**Records excerpted from a collection**

★ ★ ★ ★ ★ ★ ★

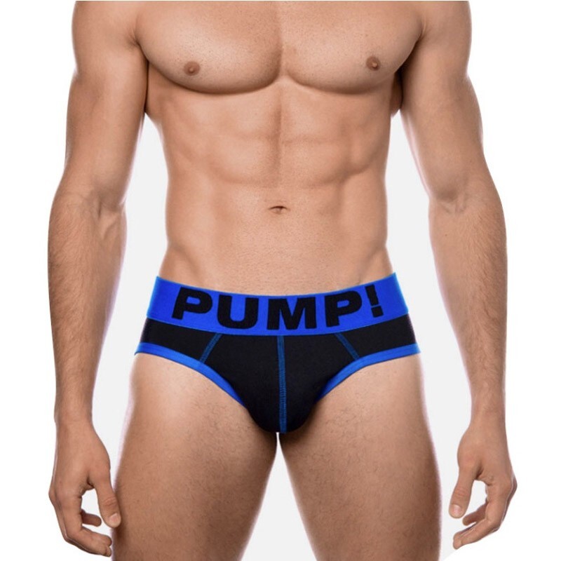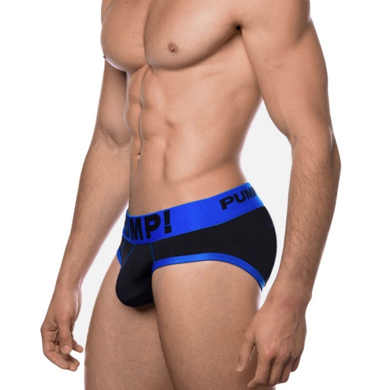 • Чоловічі повсякденні труси бріфи PUMP чорного кольору з синьою гумкою
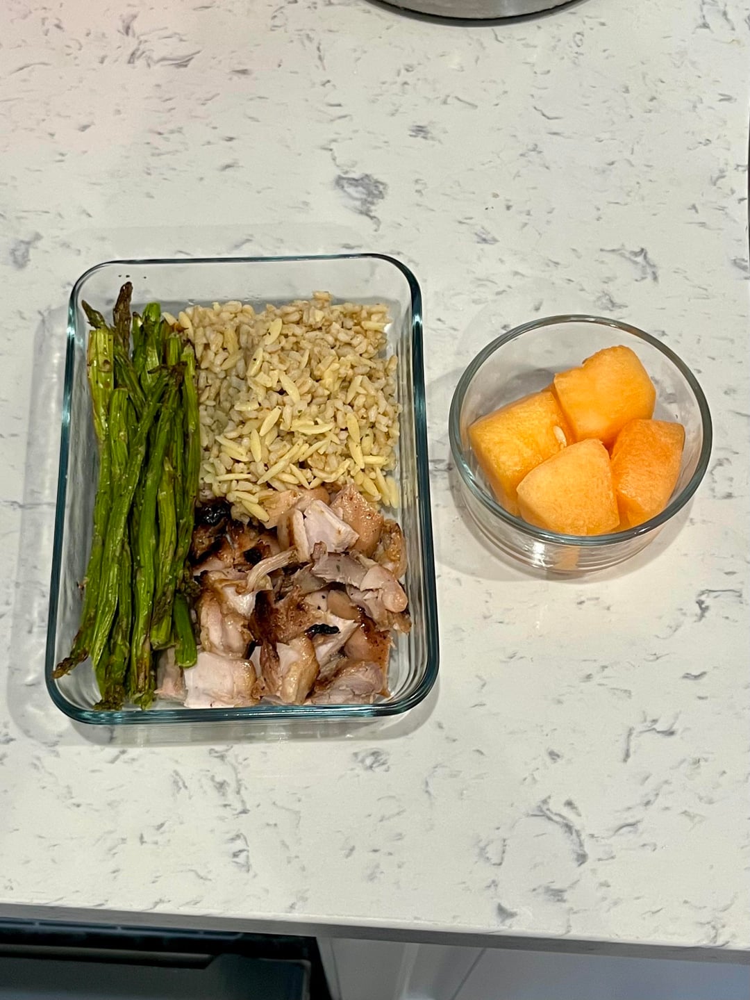 Lunch: grilled chicken thighs, asparagus, brown rice pilaf, and cantaloupe (415)
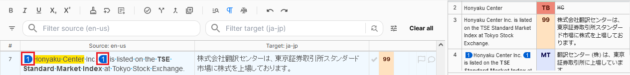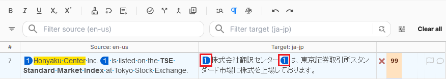 原文と対応する訳文の位置にもタグを設定し、原文の情報を反映させてください。ペアタグの場合はタグに同じ数字が表示されていますが、向きを間違えないように設定してください。
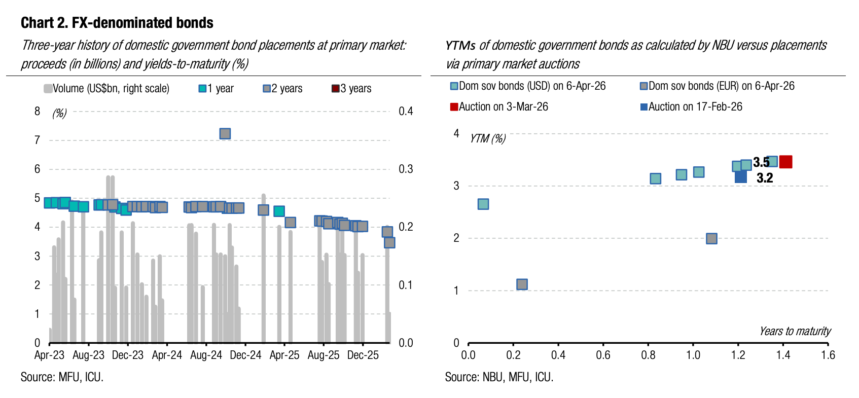 Overall, the domestic debt rollover was 139% in 1Q26, little changed from 2M26. The rollover rate was 152% for hryvnia debt (162% in 2M26), 55% for US dollar debt (44% in 2M26), while for debt in euros, all EUR91m are net borrowing.
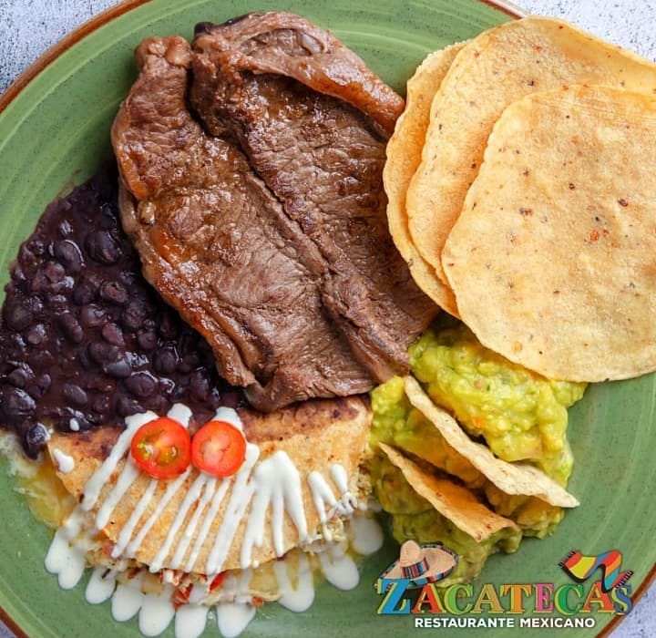 Carne de res, acompañada de frijol, guacamole, 1 tortilla rellena de pollo y 3 tortillas de maíz.
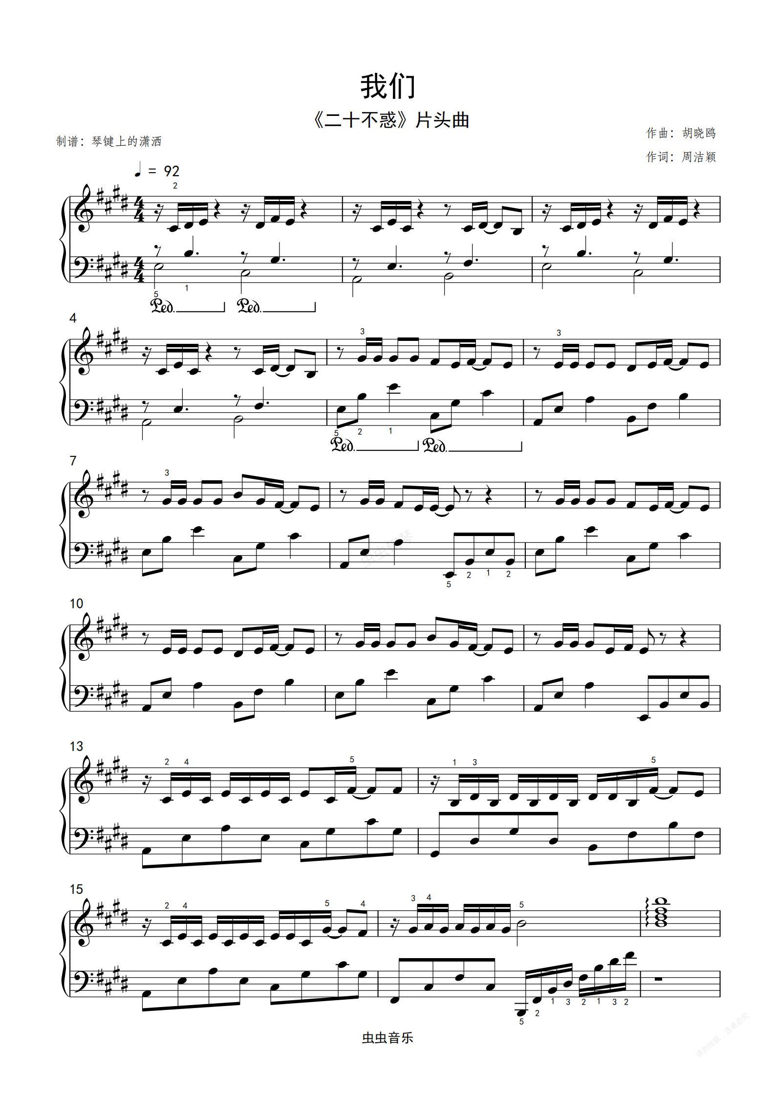 钢琴谱:《我们》-二十不惑片头曲-E大调
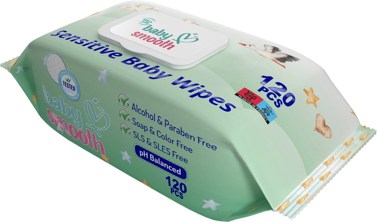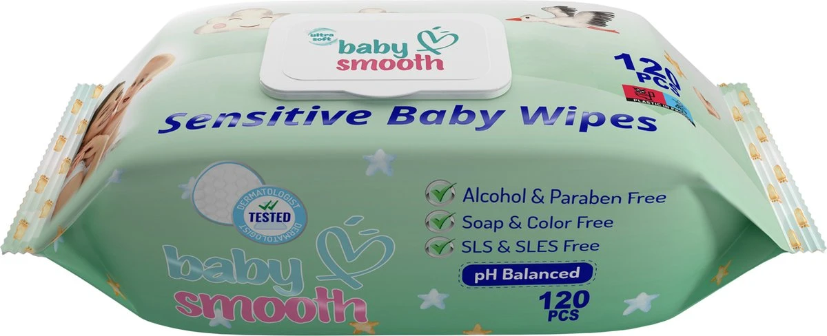 Baby Smooth Sensitive billendoekjes, De milde reinigingslotion van de doekjes reinigt en verzorgt de gevoelige babybilletjes. De doekjes maken de handjes, billetjes en gezichtje gemakkelijk schoon. De doekjes bevatten geen alcohol waardoor ze geschikt zijn voor de gevoelige baby- en kinderhuid.
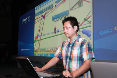 本次大會(huì)還首次邀請(qǐng)了學(xué)生代表登臺(tái)演講。演講人孫群是去年獲得Esri杯中國(guó)大學(xué)生GIS軟件開(kāi)發(fā)競(jìng)賽(簡(jiǎn)稱(chēng)“Esri開(kāi)發(fā)競(jìng)賽”)特等獎(jiǎng)的代表。他為大家現(xiàn)場(chǎng)演示了其獲獎(jiǎng)作品“Web城市地下管線管理系統(tǒng)”。
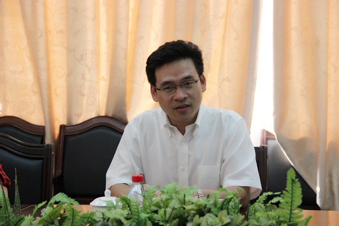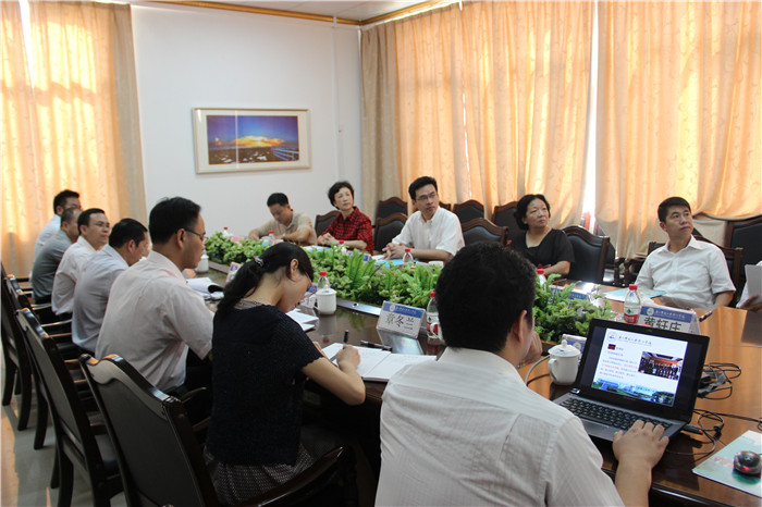 随后,秦斌厅长一行与学院领导在该校行政管理中心3208会议室进行座谈。学院党委书记、常务副院长周世中从学院的基本情况、办学成绩取得的原因、目前的工作重点以及存在的问题等四个方面的内容进行了汇报。
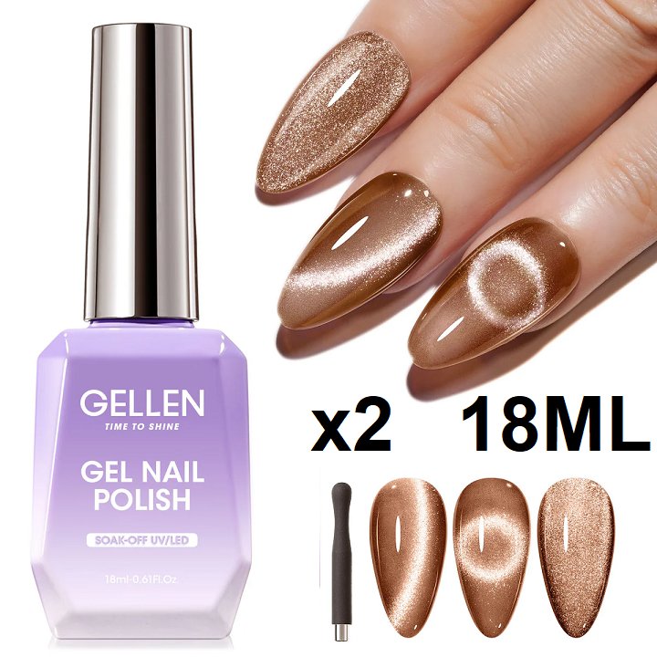 2 GELLEN GEL NAIL POLISH CAT EYE - 18ML EACH - BROWN 182
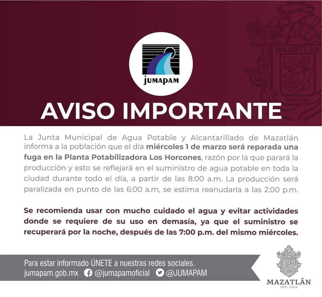«La Junta Municipal de Agua Potable y Alcantarillado de Mazatlán informa a la población que el día miércoles primero de marzo será reparada una fuga en la Planta Potabilizadora Los Horcones, razón por la que parará la producción y esto se reflejará en el suministro de agua potable en toda la ciudad durante todo el día», se informó a través del comunicado.

★ ★ ★ ★ ★ ★ ★

**What to produce**
The answer should contain nothing but the lines from the top of the data above through the line containing "钢琴谱:《我们》-二十不惑片头曲-E大调", copied exactly, with no images.

**Answer section**
 • Чоловічі повсякденні труси бріфи PUMP чорного кольору з синьою гумкою
 Lunch: grilled chicken thighs, asparagus, brown rice pilaf, and cantaloupe (415)
 原文と対応する訳文の位置にもタグを設定し、原文の情報を反映させてください。ペアタグの場合はタグに同じ数字が表示されていますが、向きを間違えないように設定してください。
 Overall, the domestic debt rollover was 139% in 1Q26, little changed from 2M26. The rollover rate was 152% for hryvnia debt (162% in 2M26), 55% for US dollar debt (44% in 2M26), while for debt in euros, all EUR91m are net borrowing.
 Carne de res, acompañada de frijol, guacamole, 1 tortilla rellena de pollo y 3 tortillas de maíz.
 钢琴谱:《我们》-二十不惑片头曲-E大调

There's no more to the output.